Colorado Springs Utilities was targeting 2028 for completing the 2,000-mile network, but LaBarre says completion likely will take longer because of recent delays and changes to the construction team.

Although “CSU has the right to install the infrastructure in the right-of-way or easements CSU has access to, some of the communication [in affected areas] has been lacking, in some of our early work, and there was a lot of confusion around that,” LaBarre says. “We’re making changes to make sure we have that communication shored up.”

Ting is offering two-gigabit-per-second service to homes at $89 per month and basic business service at $139 per month.

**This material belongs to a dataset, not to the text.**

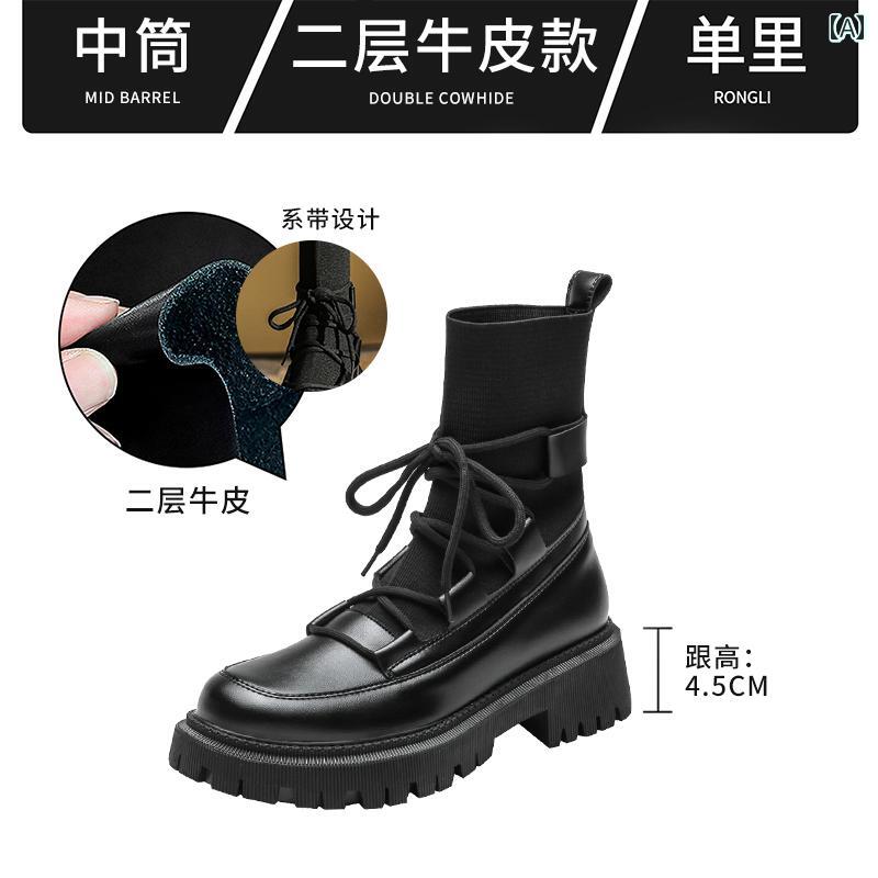 革 厚底な ミドル カーフ ブーツ レディース 2025 春秋 英国 スタイル ロング 脚 万能 マイ ラード

Deb Walker, Ting’s regional community engagement and public affairs manager, says Ting does not publicly release the number of customers it has but at the end of the second quarter, “we had just shy of 9,000 addresses that we could serve.”

  • Mountain View Electric is spending $190 million to build a 5,800-mile fiber-optic network to serve its more than 50,000 members with service available to about 10,000 households in the Falcon and Limon areas, despite initial construction delays, according to a story in the co-op’s customer magazine. Another 8,000 households in parts of the Black Forest area are expected to have service available by year’s end with construction following in Calhan. Mountain View has received three state grants totaling $2.72 million to build the network in rural areas.
  • Elsewhere in the Colorado Springs area, Stratus IQ provides fiber-optic internet service in parts of Colorado Springs and El Paso County and will offer service over Underline’s network. Force Broadband, a local company, has been providing fiber internet service in Monument for several years. Fiber-optic cable was laid along several blocks of Manitou Avenue during an infrastructure improvement project, but it has remained untapped.
  • Both T-Mobile and Verizon offer home internet service over their wireless networks, but at speeds of up to 250-300 megabits per second. T-Mobile says in a statement that it is too early to determine whether the company will continue to offer the service locally after it acquires Metronet.